Embrace the Elephant’s Technology

This is about researching and learning where the elephant is going with their new competitive market offering, and making investments that strengthen your partnership with the elephant.  There are many different ways to embrace the elephant – such as learning what solutions are being pursued and not pursued so you can invest in complementary solutions.  This could mean shifting R&D to niche solutions the elephant is not currently pursuing – but their customers will need.  This potentially sets you up to be acquired by the elephant in the future too (which I have seen happen a number of times). This could mean building up your integration services capabilities so you can profit on helping customers use both your and the elephant’s solutions together. This strategy is not easy to execute on if the elephant’s acquisition overlaps with most of your solutions.

Embrace the Elephant’s Sales Partner

If you are already a “tertiary” player in the market the elephant has just decided to enter – you are not the number 1 of number 2 player – do you have a clear and compelling technology advantage that will enable you to compete head to head with the elephant?  If not, you should consider repositioning your business to deliver Sales and Services for the elephant – evolving away from being a developer of commercial software.  This is can be a very emotional and difficult decision to make – giving up development of a code base that has been “your baby” for a number of years. If you already have a significant revenue stream from services, this change from software developer to sales and services provider may actually not be all that hard to make.  You have valuable customer relationships, a broad understanding of your customer’s needs, and deep solutions expertise.  These are exactly the skills and assets the elephant will value most as it invests in developing their entrance into what for them is a new market. At Autodesk, many of our largest and most profitable VARs started as software development partners – but later repositioned their business as a sales and services organization as Autodesk extended its product line into several vertical markets.  I know several partners that became quite wealthy pursuing this strategy – truly turning sour lemons into lemonade.
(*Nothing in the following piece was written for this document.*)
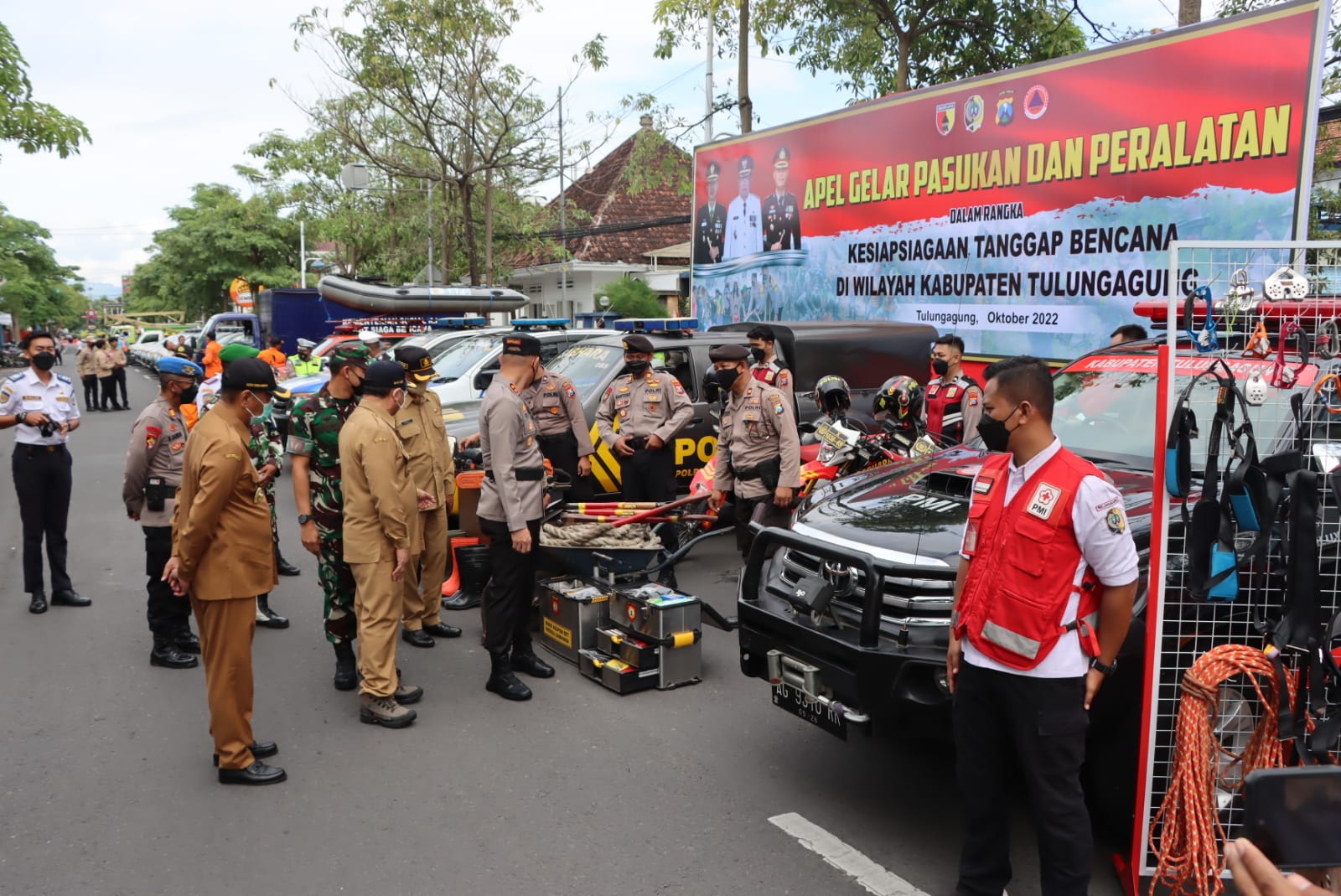 Hal tersebut seperti disampaikan oleh Kapolres Tulungagung AKBP Eko Hartanto Sik Mh usai Apel Gelar Pasukan dan Peralatan Siaga Bencana dalam rangka menghadapi bencana alam di wilayah Kabupaten Tulungagung,Senin (10/10/22).

Aggressively Compete with the Elephant Fight

Most elephants will continue to provide software partners basic support even though they have become competitors - so you likely will have continued access to the elephant’s technology you need to compete with the elephant.  For example, both Autodesk and Microsoft continue to partner with companies they also compete with.  Competing with an elephant is hard – but there are successes from time to time. Anyone remember Microsoft Money going after Intuit’s Quicken?  Intuit won that battle against the much larger Microsoft.  This strategy could also lead to acquisition discussions with the elephant’s competitors and even some day with the elephant itself.

Go Elsewhere

This is all about changing the direction of your company to pursue different markets where there is no elephant – typically going after a market niche or developing a specialized services business.  This can also mean selling your business to the highest bidder and using the money to retire or start a whole new business.

So…

Don’t Wait

Every company that dances with an elephant needs to spend a bit of time thinking about what they would do if the elephant became their competition.  This doesn’t need to be a detailed plan. It is a healthy exercise that forces you to think through where you are going with your business long term.  Just a wee bit of “disaster planning” can really pay off later – such as positioning your company to be the company the elephant acquires – or enabling you to quickly act upon an elephant’s acquisition of a competitor in a thoughtful effective way that best protects your people, your assets and your customers.